Discurso durante a Sessão Deliberativa Ordinária, no Senado Federal

NECESSIDADE DE UMA POLITICA COMPETENTE E DE RESPALDO SOCIAL PARA O SETOR DO TRATAMENTO DO LIXO NO PAIS.

Autor
João Alberto Souza (PMDB - Movimento Democrático Brasileiro/MA)
Nome completo: João Alberto de Souza
Casa
Senado Federal
Tipo
Discurso
Resumo por assunto
POLITICA DO MEIO AMBIENTE.:
  • NECESSIDADE DE UMA POLITICA COMPETENTE E DE RESPALDO SOCIAL PARA O SETOR DO TRATAMENTO DO LIXO NO PAIS.
Publicação
Publicação no DSF de 02/03/2000 - Página 3977
Assunto
Outros > POLITICA DO MEIO AMBIENTE.
Indexação
  • ANALISE, DADOS, ESTATISTICA, ACUMULAÇÃO, LIXO, ZONA URBANA, BRASIL, RISCOS, CONTAMINAÇÃO, ESPECIFICAÇÃO, CHUMBO, MERCURIO, CADMIO, BATERIA, TELEFONE CELULAR, AUSENCIA, RECICLAGEM.
  • URGENCIA, NECESSIDADE, IMPLEMENTAÇÃO, POLITICA, TRATAMENTO, LIXO, PARTICIPAÇÃO, SOCIEDADE CIVIL.
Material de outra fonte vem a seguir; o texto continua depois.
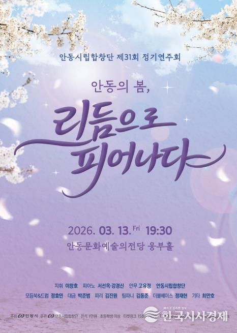 한국시사경제 경북취재본부 | 안동시를 대표하는 전문예술단체인 안동시립합창단이 오는 3월 13일 오후 7시 30분 안동문화예술의전당 웅부홀에서 제31회 정기연주회 ‘안동의 봄, 리듬으로 피어나다’를 개최한다.

O SR. JOÃO ALBERTO SOUZA (PMDB - MA) - Sr. Presidente, Srªs. e Srs. Senadores, nas Sagradas Escrituras, o Novo Testamento refere-se com freqüência a um lugar denominado Geena. Segundo os exegetas desse livro sagrado, a Geena localizava-se no Vale de Enom, antigo proprietário cananeu da região posta no sudoeste, às portas da cidade de Jerusalém. No vale, situava-se uma fossa que se tornou tenebrosamente famosa, por ser o lugar em que, no Antigo Testamento, no tempo do profeta Ezequias, os que rendiam culto ao deus Moloch queimavam as crianças degoladas em holocausto a esse deus. O lugar, segundo algumas tradições, teria sido, posteriormente, depósito do lixo da cidade de Jerusalém, onde, além do lixo propriamente dito, eram jogados também corpos humanos e carcaças de animais, que ali queimavam noite e dia. Por essas imagens, Geena tornou-se sinônimo de inferno, onde o fogo é perene e a desolação e o sofrimento, constantes e atrozes.  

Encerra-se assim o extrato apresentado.